■ **INSTRUCTIONS FOR THE TASK**
Reproduce the listing in its entirety. Do not reproduce the pictures.

[DATA Boundary: Start]

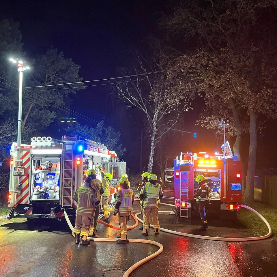 #4 🔥Garagenbrand - Die Kameraden aus Petershagen/Eggersdorf forderten unsere Drehleiter und Atemschutzgeräteträger nach. Wir wurden vor Ort nicht mehr benötigt und konnten wieder einrücken.
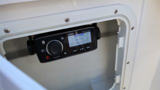 Garmin plotter, Hamnkapell, dieselvärmare från Webasto, Fusion stereo med högtalare, Batteriövervakning, automatiska trimplan, bottenmålning.
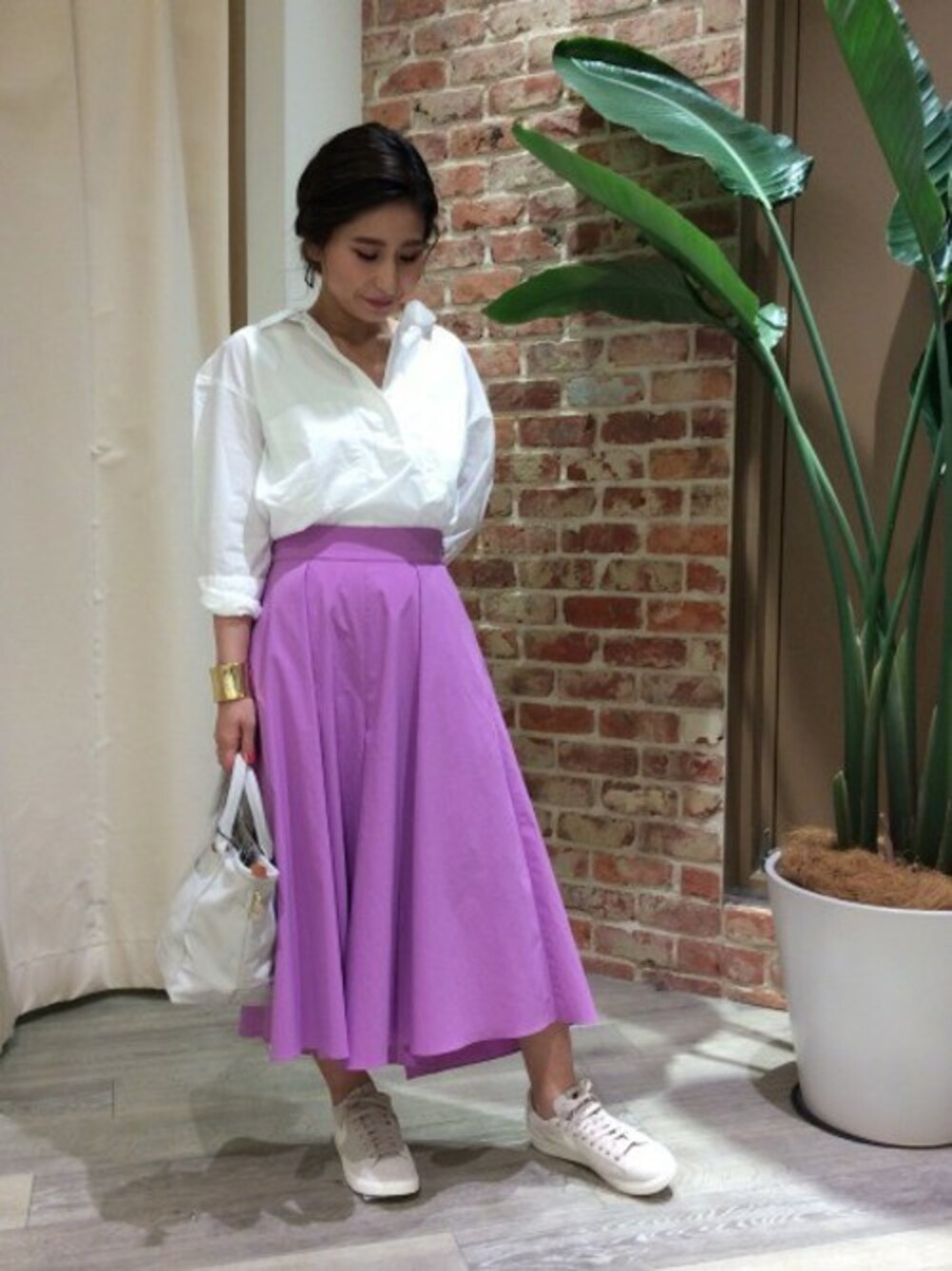 きれいめカジュアルにまとめたさわやかなスニーカースタイル さわやかシャツと春カラーのスカート見えするきれいめパンツと合わせて爽やかな印象に。 ウエストINすることで女性らしくすっきりした印象に。 きれいめスタイリングにキャンバストートとスニーカーでカジュアルダウンさせてハンサムにまとめました。

[DATA Boundary: End]

■ **ANSWER TO THIS EXERCISE**
 #4 🔥Garagenbrand - Die Kameraden aus Petershagen/Eggersdorf forderten unsere Drehleiter und Atemschutzgeräteträger nach. Wir wurden vor Ort nicht mehr benötigt und konnten wieder einrücken.
 Garmin plotter, Hamnkapell, dieselvärmare från Webasto, Fusion stereo med högtalare, Batteriövervakning, automatiska trimplan, bottenmålning.
 きれいめカジュアルにまとめたさわやかなスニーカースタイル さわやかシャツと春カラーのスカート見えするきれいめパンツと合わせて爽やかな印象に。 ウエストINすることで女性らしくすっきりした印象に。 きれいめスタイリングにキャンバストートとスニーカーでカジュアルダウンさせてハンサムにまとめました。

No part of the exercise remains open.